Per alcuni potrebbe essere un tabù, ma il porno è un lavoro scelto e praticato da numerosi individui. L’industria del porno vanta un giro d’affari immenso che si aggira intorno ai 100 miliardi di dollari, sostenendo le economie più importanti del mondo. In modo particolare a differenza del passato in cui vi era un’altra fruizione di VHS e DvD, oggi il porno si avvale della tecnologia più avanzata, caratterizzata da esperienze immersive, siti studiati ad hoc comprensivi di visualizzazione video chat, abbonamenti “premium”, video-on-demand, per non parlare dei sex toys altamente griffati. Un esempio ci viene fornito dal potente sito Pornhub che ha lanciato i video di realtà virtuale ottimizzati per Android e iOS. I guadagni fattivamente da dove provengono? Semplicemente dalle pubblicità specializzate e siti a pagamento, visitati da circa 300 milioni di utenti creando un fatturato mensile elevato. D’altro canto il recruiting degli attori destinati alla carriera del porno è selettivo e singolare, infatti le caratteristiche psicofisiche necessarie a creare l’identikit perfetto per essere assunti in questo settore sono le seguenti:

  1. Misure fisiche specifiche. Indubbiamente è importante avere delle misure standard per essere un attore in questo settore, ad esempio nel genere femminile è indispensabile un’altezza di 1,65 cm, peso circa 55 kg, tatuaggi in vista e seno corrispondente alla 3°B. Invece nel genere maschile si richiede, altezza almeno 1,78 cm, peso 76 kg, muscoloso.

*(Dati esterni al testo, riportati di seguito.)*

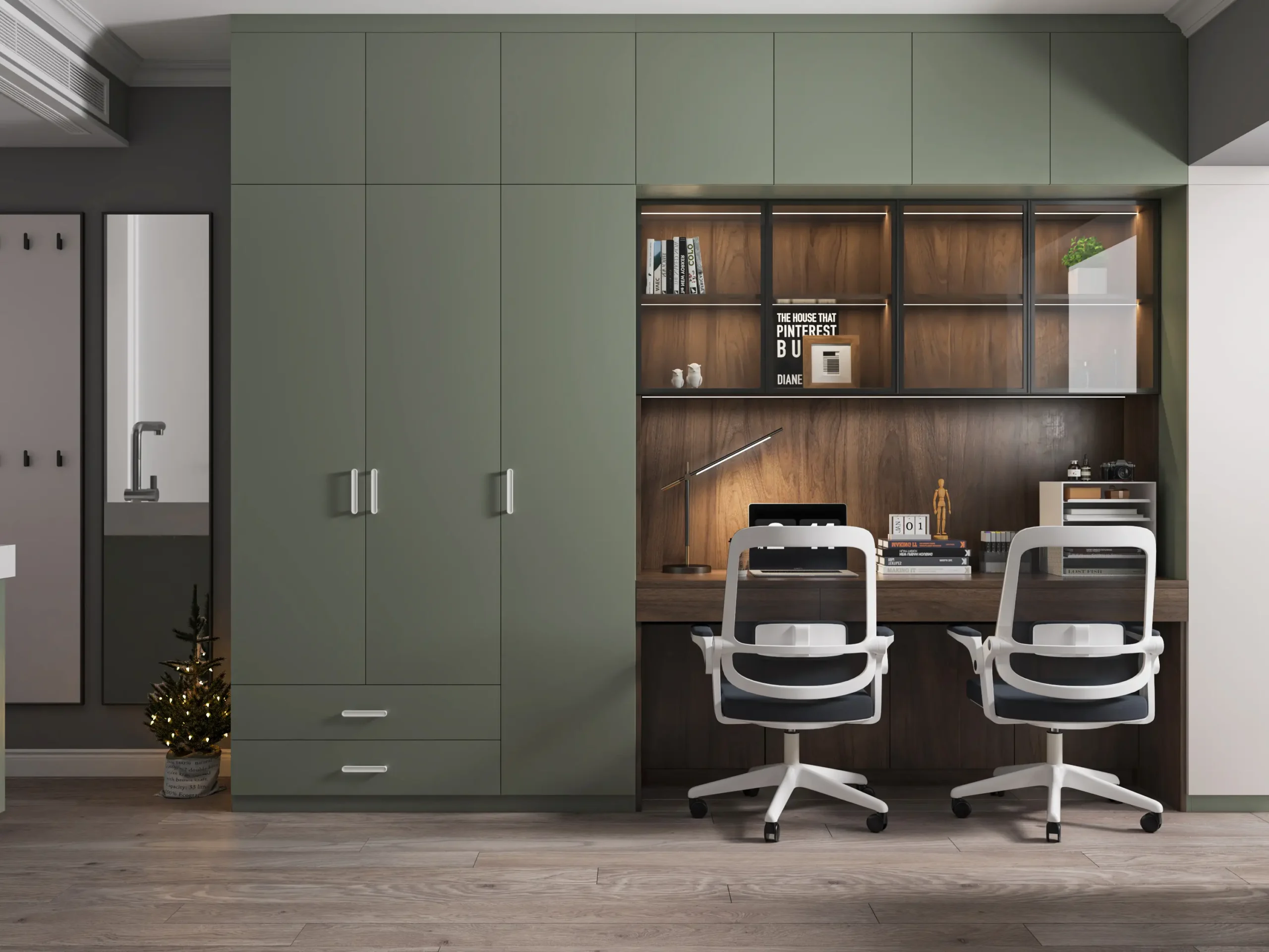 The three-door wardrobe + seven rows of wall cabinets meet the storage needs of a family; the theme colors of the entire room are matcha green and walnut, creating a warm and comfortable atmosphere.

  2. Aspetti psicologici congruenti alla flessibilità lavorativa. Oltre ad avere una prestanza fisica di medio-alto livello, si richiede una adeguata predisposizione mentale nell’affrontare questo lavoro. Gli attori devono essere delle persone narcisiste, egocentriche, con elevati livelli di concentrazione per garantire il risultato della performance. Tanto più alta è la concentrazione e quiete mentale, quanto più sarà garantito un lavoro performante. Questa caratteristica è richiesta soprattutto negli uomini. Ad alcuni di essi è suggerito di praticare delle tecniche meditative, poiché non sono contemplati attacchi di ansia, paure e perplessità. Alti livelli di stress, possono generare fallimenti sul set, difficili da gestire in un lasso di tempo breve. Gli aiuti dal punto di vista clinico sono numerosi, tra questi l’uso spropositato di ansiolitici per le donne e di viagra per gli uomini.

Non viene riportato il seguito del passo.